The receiver 114 of this embodiment has an annular hole 160 with a depth 162 and a base 164. A protruding segmented wall 250 is characterized by an inner surface 161 and at least one and preferably a plurality of openings 251. The openings 251 comprise an adjacent opening 253 having a vertical wall 253a. For installation, one of said plurality of tab elements 152 on said distal surface 150 is inserted fully in opening 251 whereupon the output disk 247 is rotated such that the tab element 152 is moved in the adjacent opening 253 to engage the vertical wall 253a which frictionally engages the receiver 114 and the output disk 247 and serves to transmit sound vibrations as well as mount the unit on the sound body. (Some elements alternatively seen in Fig. 4a or Fig. 5a)
In a second embodiment, (see Figs. 4a and 5a) the plurality of tab elements 152 comprise segmented helical wedges. Each of said plurality of segmented helical wedges 152 tapers from a first leading edge 154 to a second trailing edge 156. Each of said plurality of segmented wedges is generally spaced equidistant from others. Furthermore,, in this embodiment, the openings 251 are flanked by angled receiving surfaces 252 which ease accurate placement of said segmented helical wedges 152. Each of said plurality of openings 251 in this second embodiment comprises an adjacent helicoidal opening 253 with a surface 170 complementarily shaped to the segmented helical wedges 152.
For installation of the segmented helical wedge embodiment, the receiver 114 is mounted on a soundboard by conventional means.
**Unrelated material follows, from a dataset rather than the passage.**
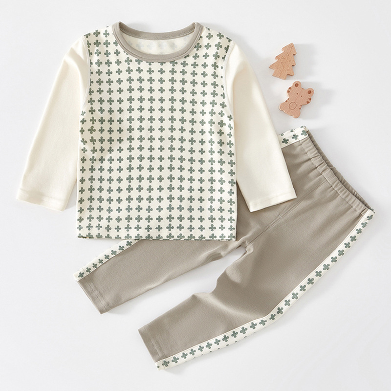 청바오 어린이 속옷 세트 면모 소년의 가을 옷 긴 바지 작은 중간 및 큰 아이들 소녀의 따뜻한 잠옷 내복

The wedges on the output disk 247 on the voice coil actuator 90 are then aligned with the openings 251 on the receiver. The voice coil actuator is moved toward the receiver 114 such that the engagement wedges are in a position to rotationally engage helicoidal openings 253 and the surfaces 170. Next, the voice coil actuator assembly 90 is rotated a partial turn which frictionally engages the receiver 114 and the output disk 247 and serves to transmit sound vibrations as well as mount the unit on the sound body. To evenly distribute the downward pressure forces between the output disk 247 and the receiver 114, the distal surface 400 of the output disk can be convex as shown in Fig.
6a. As the output disk is compressed downward during installation, the convexity will flatten and disperse the downward forces more evenly.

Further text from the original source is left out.